Reform Party: Playing Safe
Unlike its three rivals, the Parliament's largest party has not unveiled ambitions for a second seat, with one seat seemingly guaranteed for all four parties.
Position:
Pro-integration and pro-free-trade agreement with the US. The party's program for the elections seemed to be written before the Ukraine crises erupted, as Ukraine is only mentioned three times, and only in a foreign-policy context, not in a wider security or economic context. Mention of a Tallinn Treaty, which could be signed by EU members in 2018 and would be, in the party's words, one of the union's most significant treaties, is interesting, but more up to the Estonian government than 1-2 MEPs.
Current MEP:
Won 61,000 votes five years ago, winning one seat safely, but 10,000 more would have won them a coveted second seat. Their MEP Kristiina Ojuland was ejected from the party, but not from the European Parliament, last year for allegedly rigging internal elections. She is now running as an independent candidate, but also in the process of creating her own party.

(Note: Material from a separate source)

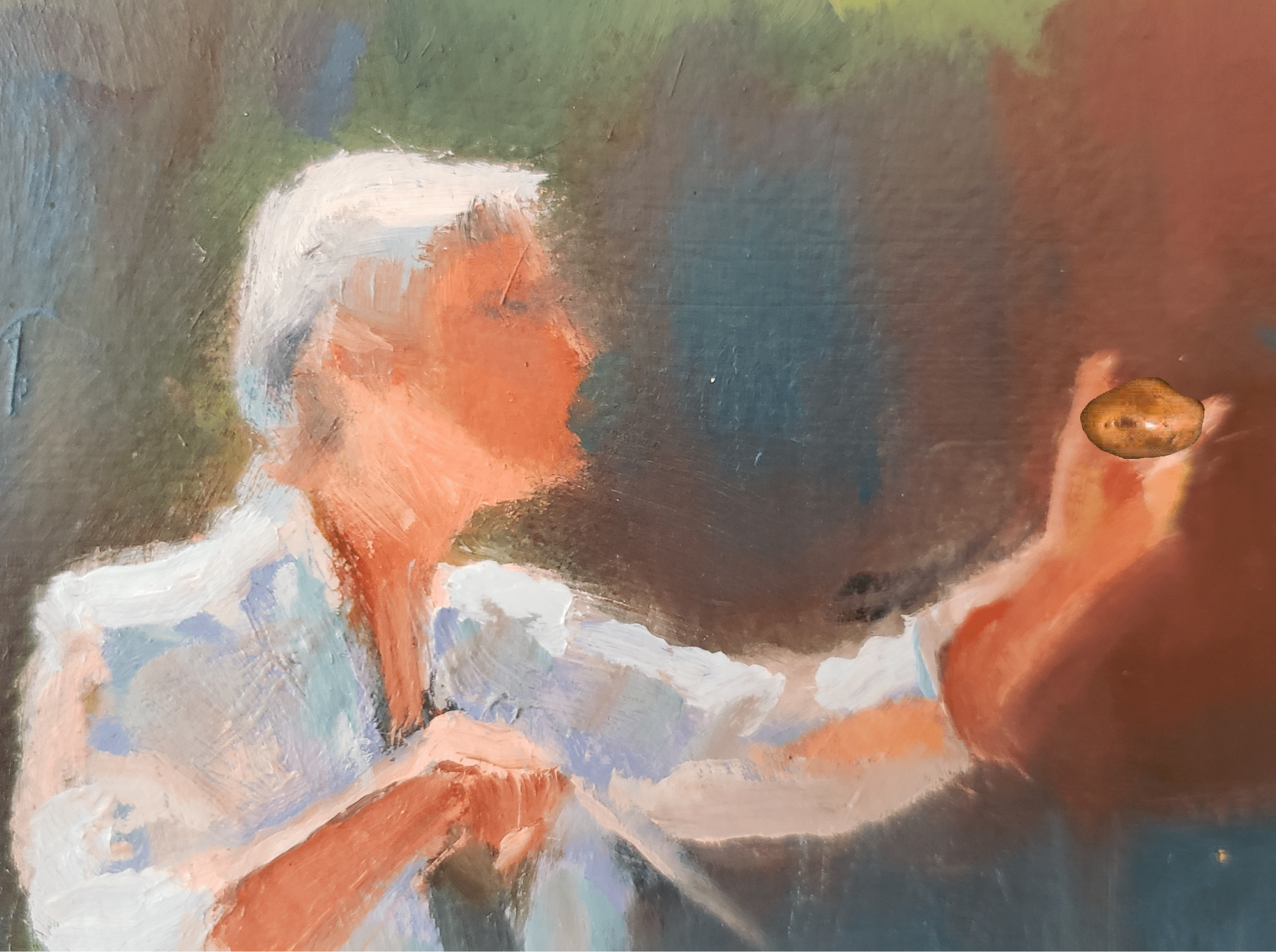 Digging potatoes is the reverse of planting, but it’s a dirty, sweaty job in August. You scoop up the mulch into the wheelbarrow, and it’s multiple loads because there are about three layers of mulch that have built up over the season. Then open the trench around the sides away from the plant so you don’t break what you can’t see — tender new potatoes. Push the dirt back away from the planted part of the row, letting it run through your fingers to catch the little bitty spuds that are great in roasted root veggies. Put the potatoes in a bucket (later, you spread the potatoes out in the sun to “cure,” never washing them until just before you cook them). I worked this way down the entire row of Yukon Gold potatoes, then started on the Norland Reds.

Vilja Savisaar-Toomast, who was elected to the European Parliament as part of the Center Party later quit the party and joined the Reform Party.
Candidates:
Savisaar-Toomast running again this time around (for the Reform Party), alongside many top party names such as former PM Andrus Ansip, ministers Urmas Paet, Jürgen Ligi and Urve Tiidus. Of the heavyweights, only Ansip might take up the position, but only as a warm-up as heir to Siim Kallas, whose term as EU Commissioner ends in the fall.
If history and the polls are correct, the party will win one seat, not two. Kaja Kallas could be the more permanent Reform Party MEP.